We need to find a QB who can run the offense and get the ball in the hands of those skill guys. That, in turn, will open up the run game.
If these guys think we're going to go to Tallahassee and line up in the I formation and play that old Big 10 run, run, pass game and beat FSU they're nuts. Never gonna happen. We haven't dictated the run game on them in 20 years.
In FSU's 3 losses last year, teams averaged 39 rush attempts versus FSU. Louisville, UNC, and Clemson are not I-Form running teams. This isn't 1982, brother. In FSU's 9 wins over FBS competition...33 carries per game (that is a bottom 20 number).
UNC ran it 32 times. FSU ran it 43 times. Yet UNC beat FSU. That doesn't support your theory.
Louisville ran it a lot because Jackson was killing FSU with his legs and they had a gigantic lead by halftime. I'm guessing they did a ton of running once they got a 50 point lead.
Clemson ran it 38 times against FSU for only 133 yards. Clemson threw it 43 times for 378. That is a heavier pass than run distribution, which also doesn't support your theory.
My theory doesn't discuss run

ass ratio...simply that you need to run the football in volume...~40 is your wheelhouse. Again, you can nitpick an outlier here or there, but again, look at the dominant teams in college football year in and year out and look at their attempts per game. UNC ran the ball 30 times per game last year...ended up 8-5.
Clemson - 40apg
Alabama - 43 apg
USC - 39apg
Washington - 38apg
Oklahoma - 44apg
Ohio State - 45apg
Penn State - 39apg
Florida State - 40apg
Wisconsin - 47apg
Michigan - 44apg
That is your final Top 10. Averaged 42 attempts per game.
FWIW - Louisville ran 22 times in the first half against FSU.
Thing is, he's not nitpicking. This is why they say if you torture the data enough it eventually gives in. What good are rushing attempts if you net virtually nothing off of them?
The attempts per game stat in isolation tells you nothing. I bet there's a fair amount of mediocre to poor teams who run the ball 30 to 40 times. You have to look at yards per attempt as well. And yes, the passing stats matter too.
The difference is most of the teams you're referencing had very credible threats under center in the passing game. Bama is probably the surprising case that didn't, but let's not confuse our OL with Bama just yet.
Whoever we have under center needs to be able to dropback and deliver a strike under duress. That is the defintion of shouldering it. Remeber Matthew Thomas knocking Kaaya's tooth out on the first series? Yeah, that.

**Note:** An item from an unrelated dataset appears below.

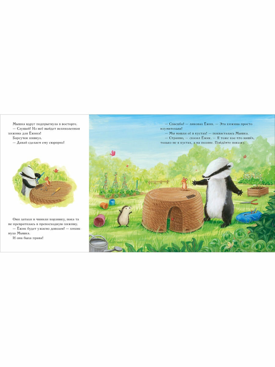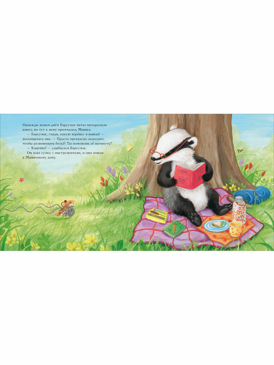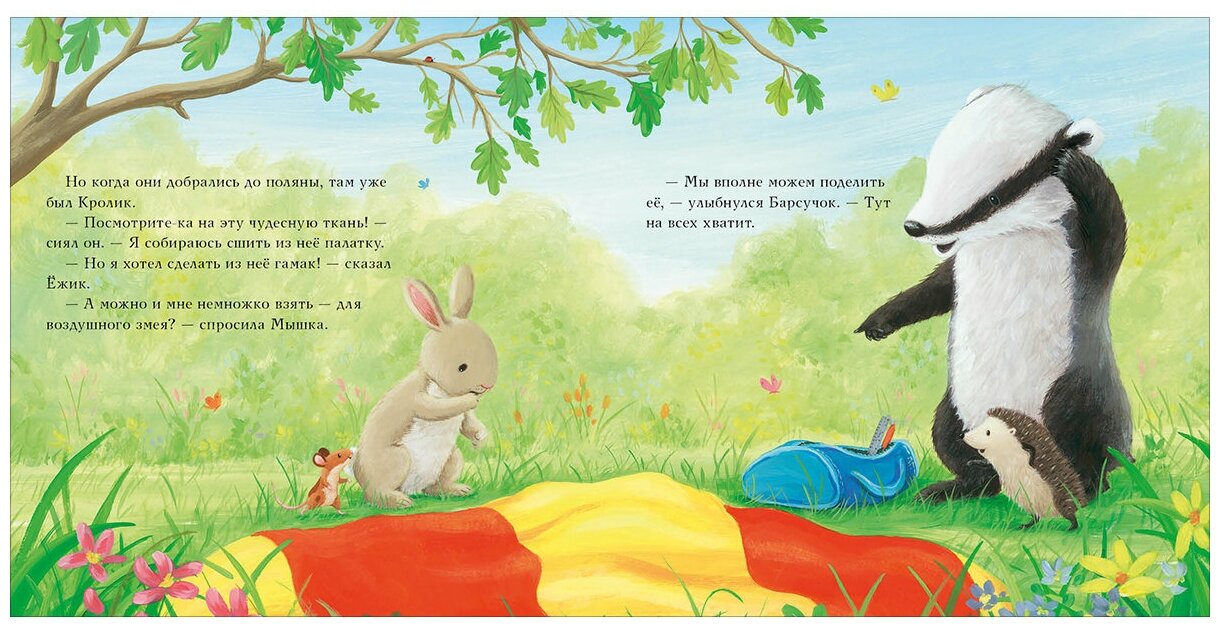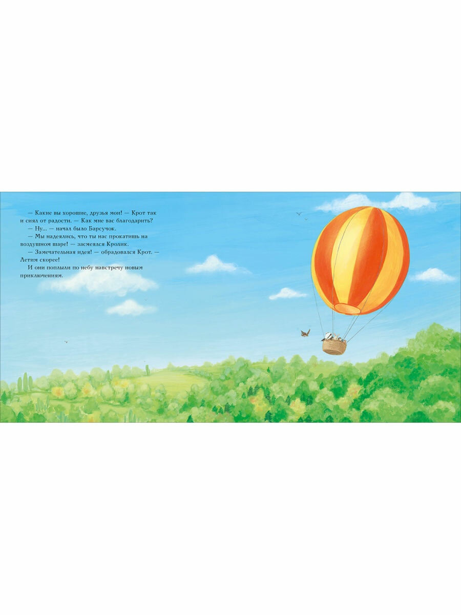 Книга сделана невероятно качественно: красочные иллюстрации, мелованные листы, интересная история о дружбе и приключениях. Текста не очень много, идеально для 2-4 лет. Главный герой обаятельный барсучок, есть элемент путешествия на воздушном шаре - всё что связано с любыми видами транспорта у нашего старшего сына нарасхват. История интересна и сыну 2 лет, и в 3,5
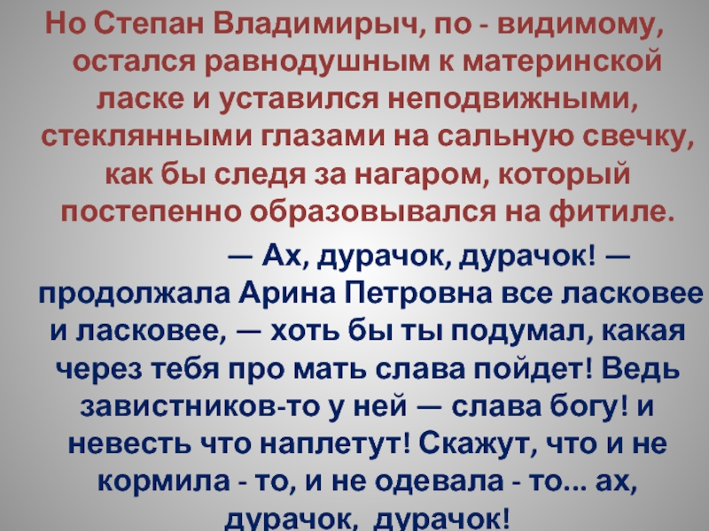 Слайд 212Но Степан Владимирыч, по - видимому, остался равнодушным к материнской ласке

If he cannot do that, we can run our 40 attempts to 27-6 loss having earned 1.5 yards per attempt. If he can, then we're in business. The defense backs up and our YPA becomes more respectable.
I will tell you what, if we come out the first few series and go run, run, incomplete/sack, punt, neither of us need to watch the game. You'll get your 40 carries and I already told you the score.